Content starts

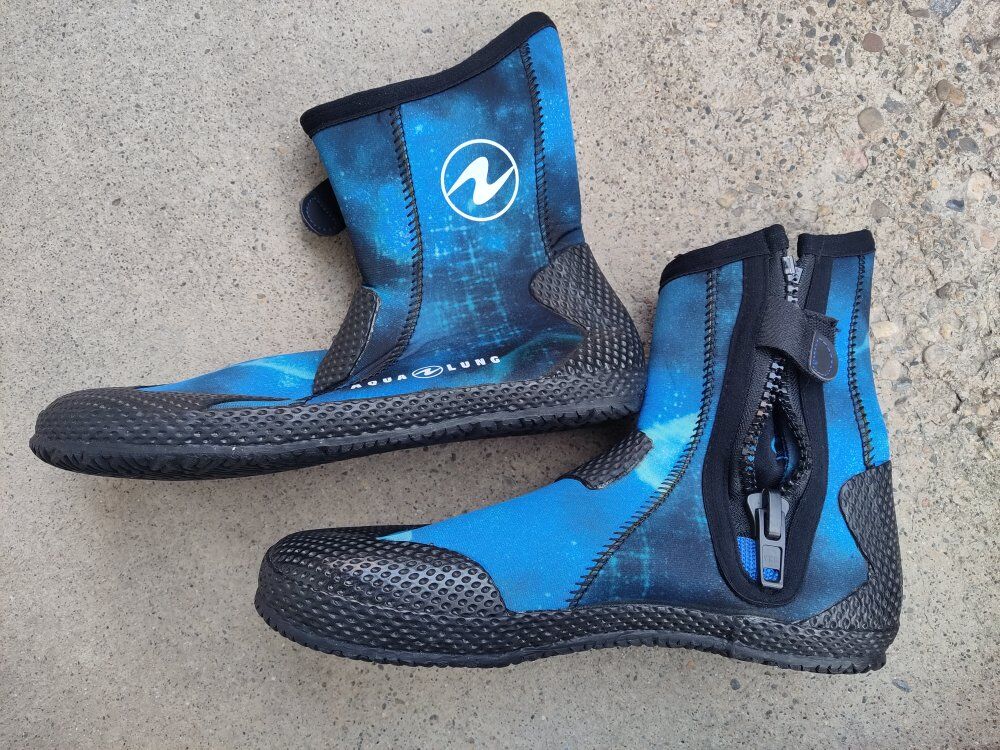 Men's Aqua Lung Men's Diving or wet suit. Looks great, no tears or damage, zipper works. Also come with boots and a full face mask. Sizes are in the photos. -Aqua Lung Superzip diving boots Galaxy Blu color. $40\
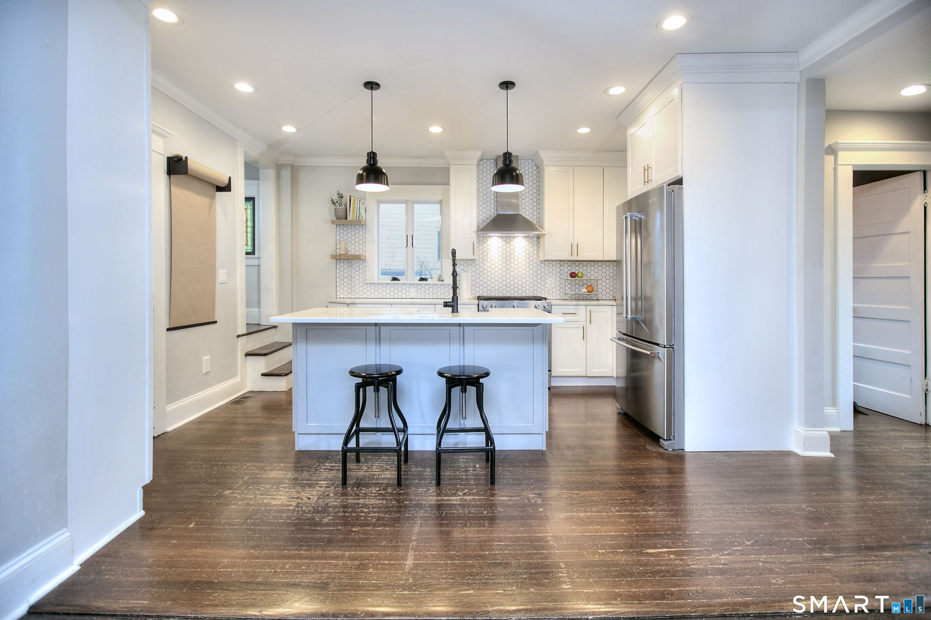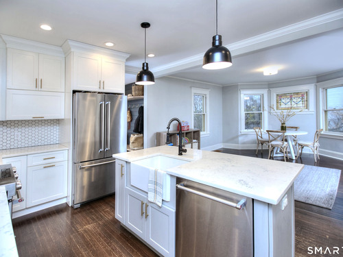 Kitchen (Main Level)Quartz Counters, Island, Hardwood Floor
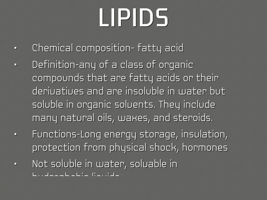 • Definition-any of a class of organic compounds that are fatty acids or their derivatives and are insoluble in water but soluble in organic solvents. They include many natural oils, waxes, and steroids.
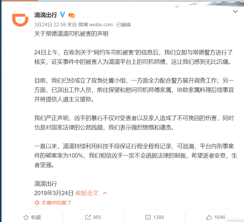 程維也感謝警方為陳師傅和家人討回公道,滴滴一定會為保護司機和乘客的生命財產安全不斷努力。
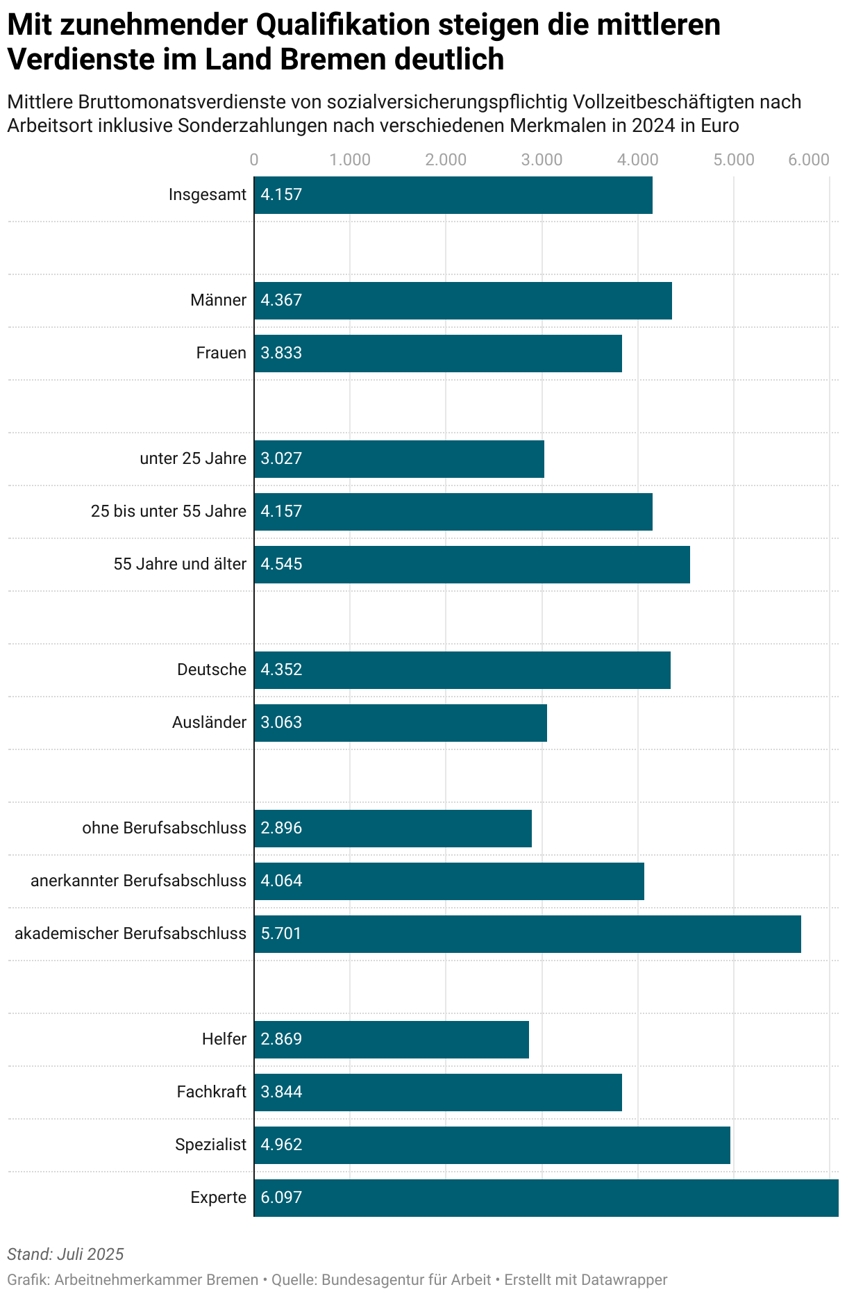 Mit zunehmender Qualifikation steigen die mittleren Verdienste im Land Bremen deutlich
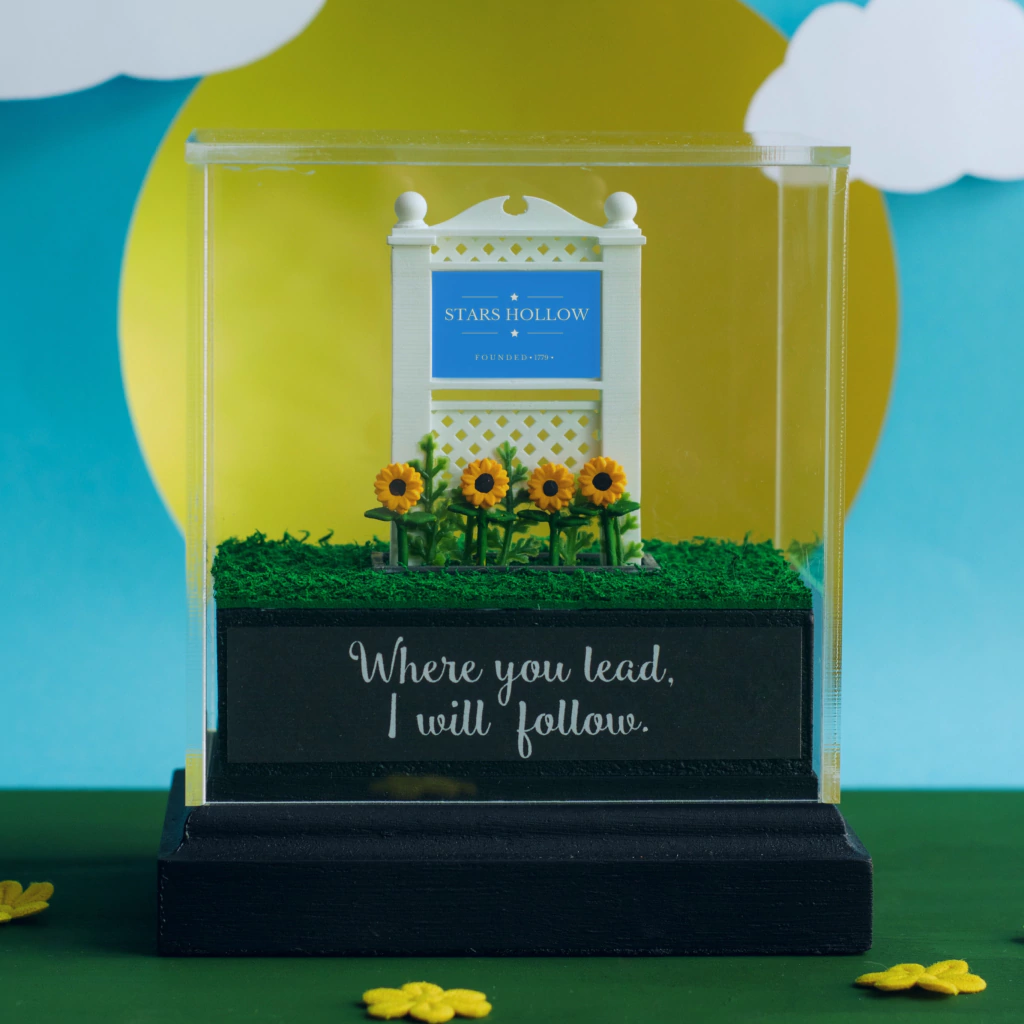 Essa miniatura da placa de Stars Hollow traz a essência da cidade encantadora de Gilmore Girls. A base da miniatura traz a frase "Where you lead, I will follow", que é um trechinho da música tema da série. Perfeita para decorar sua casa com um toque de charme e nostalgia ou para presentear alguém especial que também é fã da série. A peça vem acompanhada de um cubo acrílico removível, ideal para proteger sua miniatura e mantê-la segura.

Content ends

→ **PROMPT**:
Take the data above and repeat it exactly, leaving each picture out.

→ **RESPONSE**:
 Men's Aqua Lung Men's Diving or wet suit. Looks great, no tears or damage, zipper works. Also come with boots and a full face mask. Sizes are in the photos. -Aqua Lung Superzip diving boots Galaxy Blu color. $40\
 Kitchen (Main Level)Quartz Counters, Island, Hardwood Floor
 • Definition-any of a class of organic compounds that are fatty acids or their derivatives and are insoluble in water but soluble in organic solvents. They include many natural oils, waxes, and steroids.
 程維也感謝警方為陳師傅和家人討回公道,滴滴一定會為保護司機和乘客的生命財產安全不斷努力。
 Mit zunehmender Qualifikation steigen die mittleren Verdienste im Land Bremen deutlich
 Essa miniatura da placa de Stars Hollow traz a essência da cidade encantadora de Gilmore Girls. A base da miniatura traz a frase "Where you lead, I will follow", que é um trechinho da música tema da série. Perfeita para decorar sua casa com um toque de charme e nostalgia ou para presentear alguém especial que também é fã da série. A peça vem acompanhada de um cubo acrílico removível, ideal para proteger sua miniatura e mantê-la segura.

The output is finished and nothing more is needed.